Tomemos, como exemplo, três equipamentos que foram usados no Plano Piloto da
Peste (PPP), em Exu, na década de 1960, que passaram a integrar o acervo pela participação
em estudos fundamentais sobre a peste no Brasil. Entre ele a balança de precisão alemã
(FIGURA 1) que era usada para pesar os ingredientes na preparação dos meios de cultura para
o cultivo da bactéria da peste. O encapsulador (FIGURA 2), adquirido na década de 1970
ainda é utilizado para pelo Serviço de Referência em Peste (SRP) - hoje sediado no
Departamento de Microbiologia do IAM/Fiocruz – no processo de produção de insumos para
diagnóstico da peste. Esse é um exemplo também de objeto que irá receber o selo
catalográfico quando sair de uso.
O SRP foi coordenado até recentemente pela pesquisadora Alzira de Almeida, que
participou do Plano desde a sua origem, em 1966, e que hoje ainda atua no Aggeu Magalhães.

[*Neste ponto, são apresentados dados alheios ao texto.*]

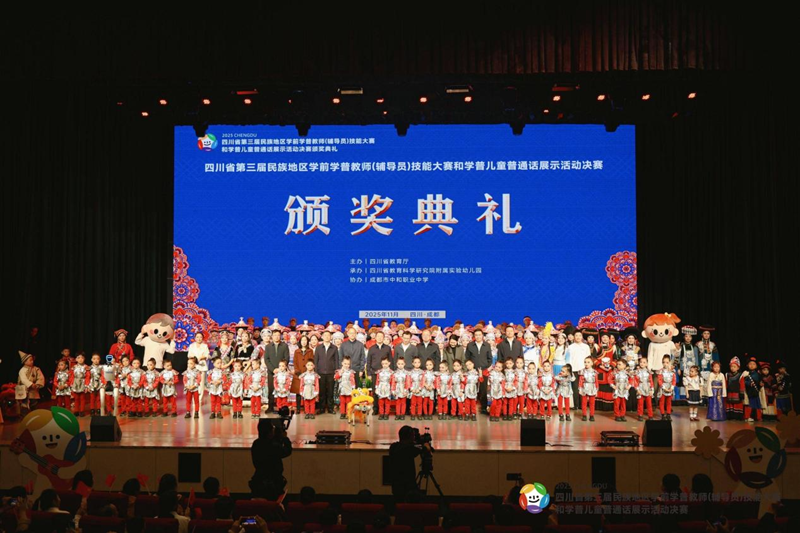 11月16日,四川省第三届民族地区学前学普教师(辅导员)技能大赛暨学普儿童普通话展示活动颁奖典礼在成都举行。省委教育工委书记、教育厅党组书记陈冠松出席颁奖典礼并讲话。

Ela foi a primeira pesquisadora a extrair o antígeno e a produzir o conjugado para diagnóstico
da peste por imunoflorescência no Brasil, após receber treinamento no Center for Diseares
Control (CDC), no Colorado (EUA). Este feito permitiu ao Ministério da Saúde a manutenção
do Programa de Vigilância Sorológica da Peste em todos os focos pestosos do país, que segue
sem interrupção até hoje em que o SRP é o único produtor de insumos para diagnóstico da
peste do Brasil e da América do Sul.
FIGURA 1 - Balança de precisão analógica alemã, da marca Draeger, usada para preparação de meios de cultura para o cultivo da bactéria da peste, em Exu, Pernambuco, na década de 1960. Fonte: Raimundo Pimentel – IAM/Fiocruz
FIGURA 2 – Encapsulador, da marca nacional SOC Fabbe, da década de 1970, ainda usado para fixar as cápsulas de alumínio nos frascos com o antígeno usado no diagnóstico da peste produzido e distribuídos para todo Brasil pelo IAM/Fiocruz. Fonte: Silvia Santos -IAM/Fiocruz
Principais desafios a partir do levantamento e diagnóstico dos acervos A partir dos resultados apresentados pelo relatório - com o levantamento, diagnóstico,
catalogação, além de apontamentos e sugestões das especialistas à Comissão para Gestão de
Acervos Culturais das Ciências e da Saúde do IAM/Fiocruz, o grupo vem se reunindo para
discutir e proceder aos encaminhamentos necessários. As demandas são várias e envolvem
desde a necessidade de formação de uma cultura de memória e preservação na instituição a
questões mais específicas e urgentes, a exemplo de um local para servir como reserva técnica
dos bens catalogados. Todas constituem desafios que devem ser enfrentados não apenas pelos
participantes da Comissão, mas por toda Fiocruz. Listamos, a seguir, os principais:
a) Sistematização de procedimentos e processos de trabalho relacionados a manutenção
do acervo museológico, buscando, em especial, instituir fluxo entre a comunidade, o
Serviço de Compras e Material, o Setor de Patrimônio e a Coordenação da Reserva
Técnica.Para tanto deverá ser elaborado um manual com normas e procedimentos;
b) Criação de um banco de dado com as informações dos bens musealizados;
c) Ocupação e adequação de espaços de área expositiva (mezanino) e de Reserva Técnica
(a ser criada);
d) Tratamento, identificação, catalogação e disponibilização dos acervos fotográficos
com a criação de um banco de imagens;
e) Concepção, planejamento e execução de atividades com o objetivo de sensibilizar a
comunidade para a importância da preservação do patrimônio cultural;
f) Criação de “Espaços de Memória” na instituição, onde objetos do acervo seriam
exibidos (com trocas periódicas) em totens de madeira cobertos com cúpulas de
acrílico distribuídos por locais estratégicos (laboratório-escola, entrada de alguns
laboratórios, recepção) do centro de pesquisas. A curto ou médio prazo não é possível
a criação de um museu na instituição, seja pela falta de recursos financeiros e
humanos, seja pela falta de espaço, seja por não ser a questão ser considerada
prioritária pela comunidade.
Acredita-se, assim, que iniciativas elencadas são fundamentais para ampliar o
conhecimento e a divulgação do patrimônio cientifico da instituição, além de permitir a
permanência desses objetos no tempo.